_PROBLEM TO SOLVE:_
Pictures left aside, return the lines below exactly, from the one with "图为建筑学院2014届毕业典" to the end, including both ends.

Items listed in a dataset
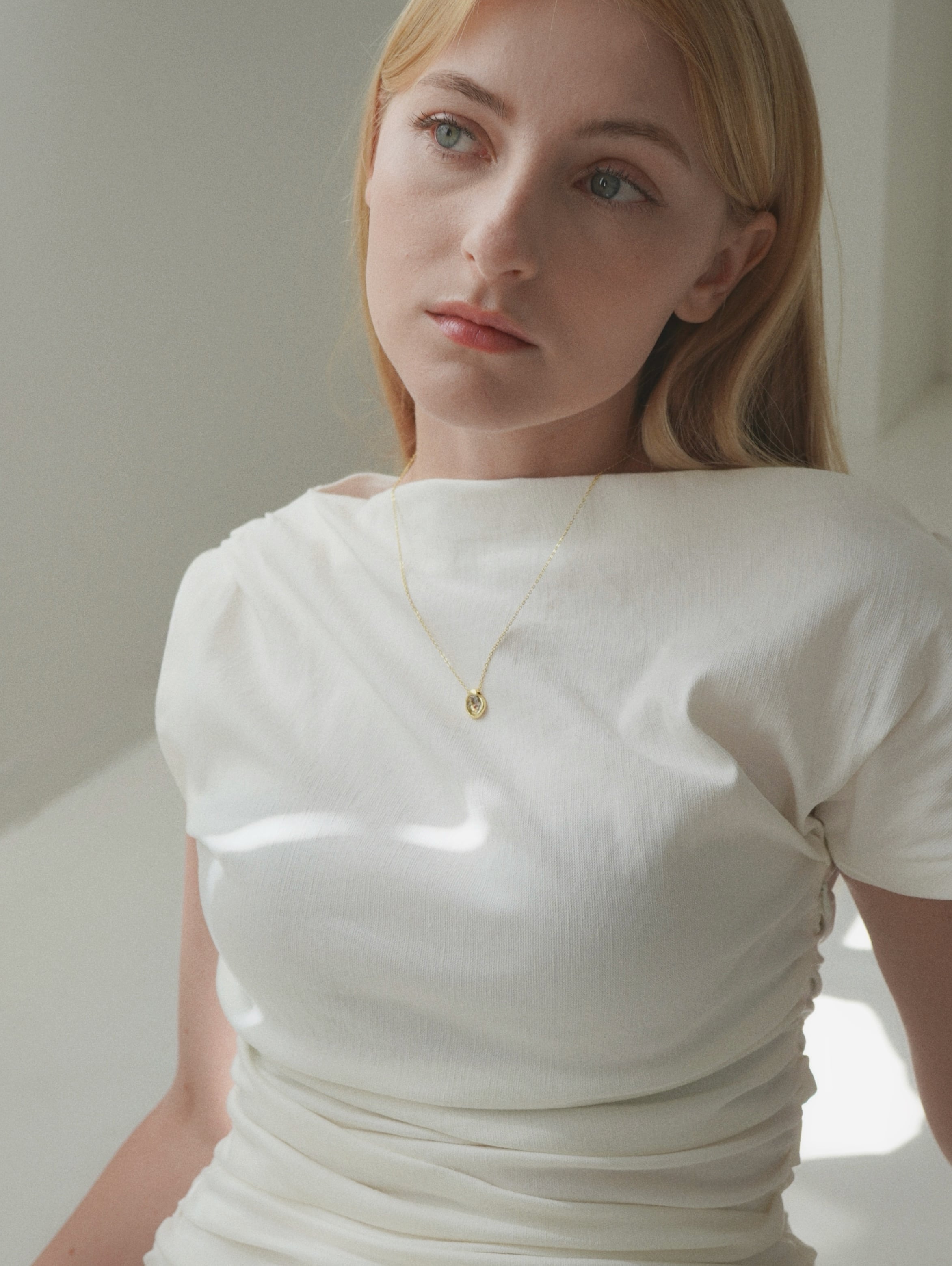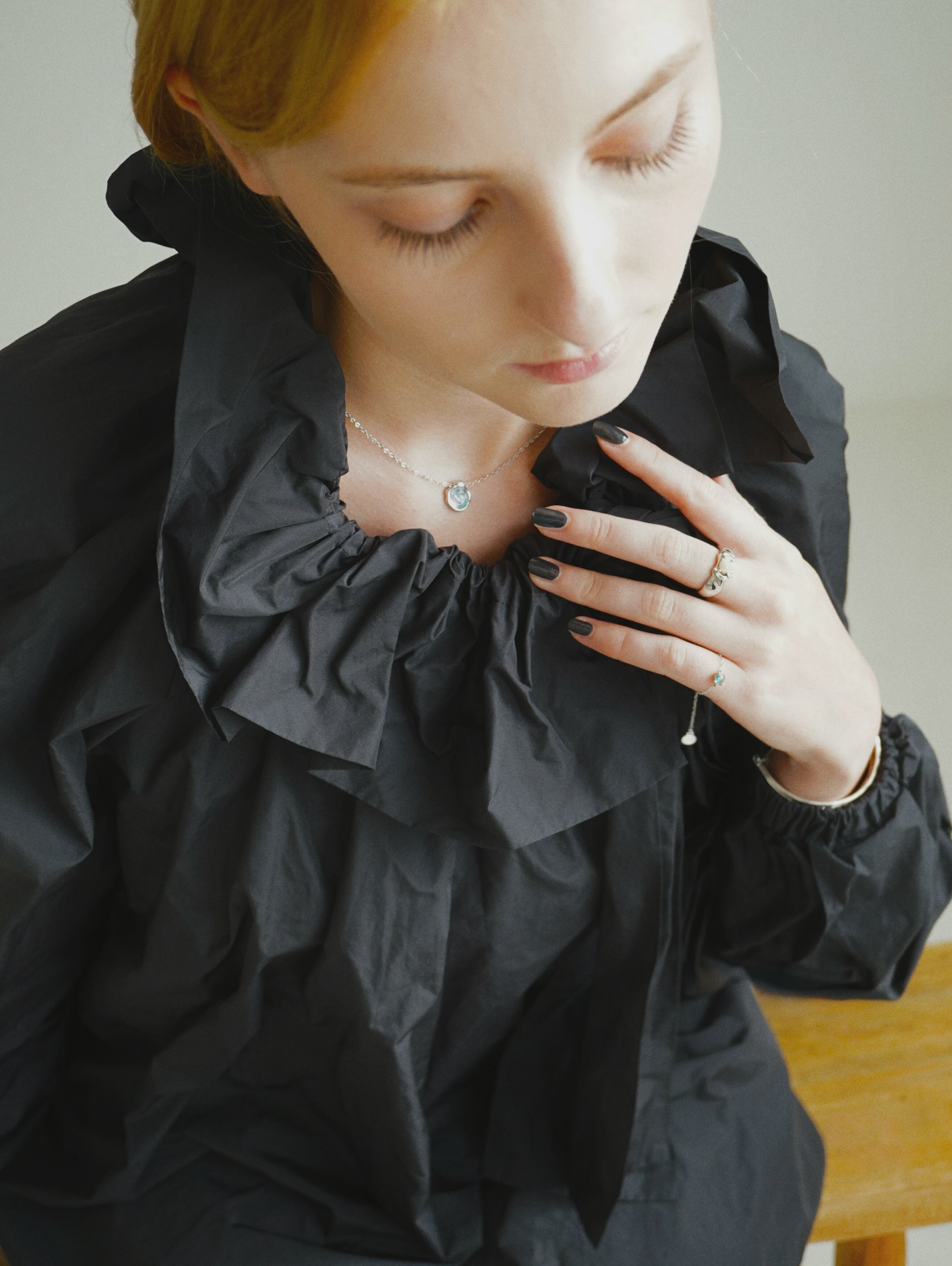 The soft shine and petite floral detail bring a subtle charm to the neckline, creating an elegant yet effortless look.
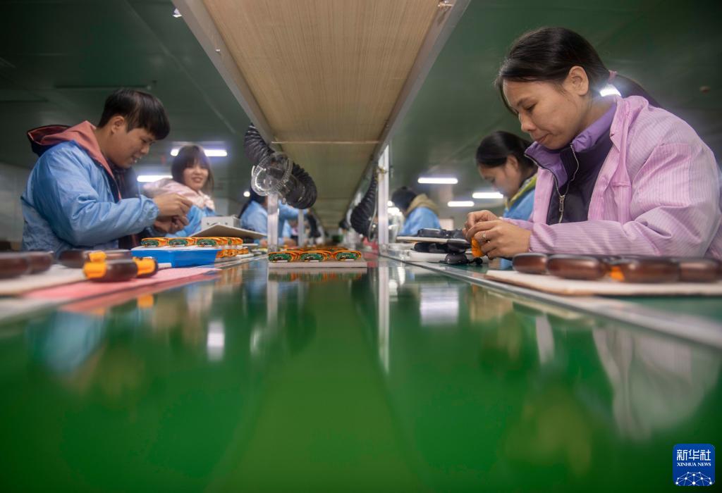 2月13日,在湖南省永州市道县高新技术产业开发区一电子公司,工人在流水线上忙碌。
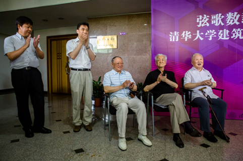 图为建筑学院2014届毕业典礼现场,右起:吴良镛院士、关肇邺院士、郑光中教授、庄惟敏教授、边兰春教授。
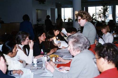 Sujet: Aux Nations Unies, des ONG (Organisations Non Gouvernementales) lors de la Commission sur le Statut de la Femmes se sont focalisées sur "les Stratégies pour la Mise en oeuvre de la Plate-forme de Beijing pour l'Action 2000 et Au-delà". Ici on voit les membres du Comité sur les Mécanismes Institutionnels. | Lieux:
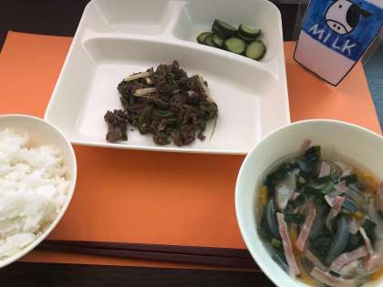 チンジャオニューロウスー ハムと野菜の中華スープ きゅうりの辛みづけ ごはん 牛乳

_OUTPUT FOR THIS TASK:_
 图为建筑学院2014届毕业典礼现场,右起:吴良镛院士、关肇邺院士、郑光中教授、庄惟敏教授、边兰春教授。
 Sujet: Aux Nations Unies, des ONG (Organisations Non Gouvernementales) lors de la Commission sur le Statut de la Femmes se sont focalisées sur "les Stratégies pour la Mise en oeuvre de la Plate-forme de Beijing pour l'Action 2000 et Au-delà". Ici on voit les membres du Comité sur les Mécanismes Institutionnels. | Lieux:
 チンジャオニューロウスー ハムと野菜の中華スープ きゅうりの辛みづけ ごはん 牛乳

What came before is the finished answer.